Begin at the line below that holds "получила высшую оценку" and end at the line that holds "Scaliger is a", transcribing each line exactly and skipping any picture.

▶ RECORDS FOR THE EXERCISE:
==============================

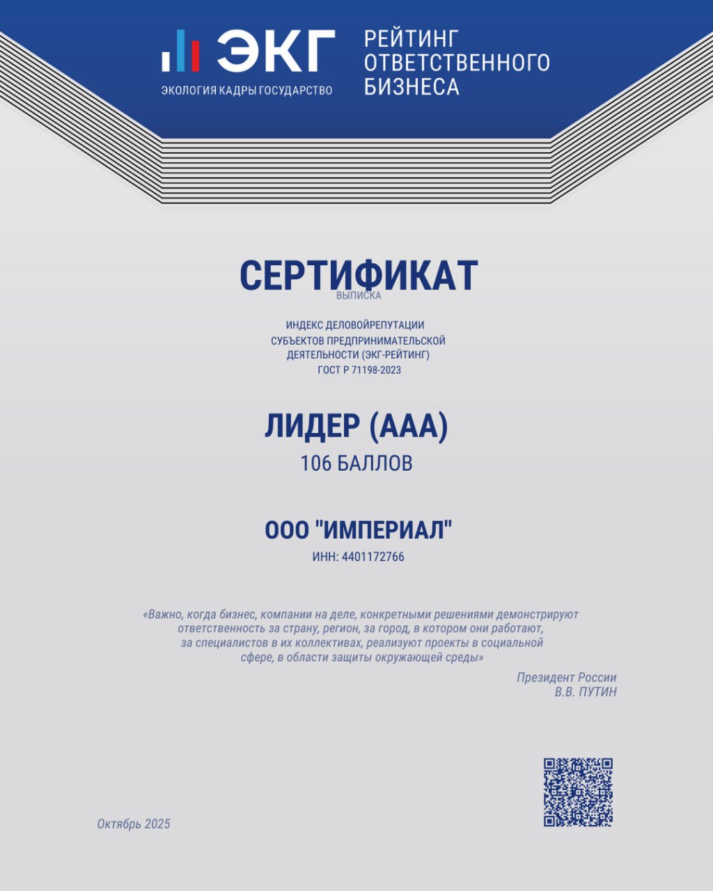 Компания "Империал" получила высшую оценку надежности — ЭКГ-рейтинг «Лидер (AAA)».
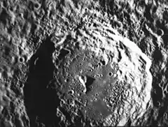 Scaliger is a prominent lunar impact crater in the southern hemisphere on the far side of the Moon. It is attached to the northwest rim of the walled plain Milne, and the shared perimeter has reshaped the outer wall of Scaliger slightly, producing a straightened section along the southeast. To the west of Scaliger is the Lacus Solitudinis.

==============================

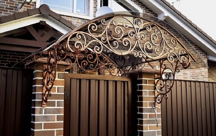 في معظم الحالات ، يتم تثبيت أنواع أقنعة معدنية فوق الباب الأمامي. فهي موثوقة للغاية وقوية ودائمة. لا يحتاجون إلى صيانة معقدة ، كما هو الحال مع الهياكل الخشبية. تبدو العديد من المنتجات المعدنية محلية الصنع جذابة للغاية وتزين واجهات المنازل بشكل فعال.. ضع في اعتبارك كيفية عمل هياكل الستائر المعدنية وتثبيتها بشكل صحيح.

==============================

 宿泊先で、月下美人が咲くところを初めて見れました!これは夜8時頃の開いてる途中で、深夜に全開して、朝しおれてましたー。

==============================

▶ TASK RESPONSE:
 Компания "Империал" получила высшую оценку надежности — ЭКГ-рейтинг «Лидер (AAA)».
 Scaliger is a prominent lunar impact crater in the southern hemisphere on the far side of the Moon. It is attached to the northwest rim of the walled plain Milne, and the shared perimeter has reshaped the outer wall of Scaliger slightly, producing a straightened section along the southeast. To the west of Scaliger is the Lacus Solitudinis.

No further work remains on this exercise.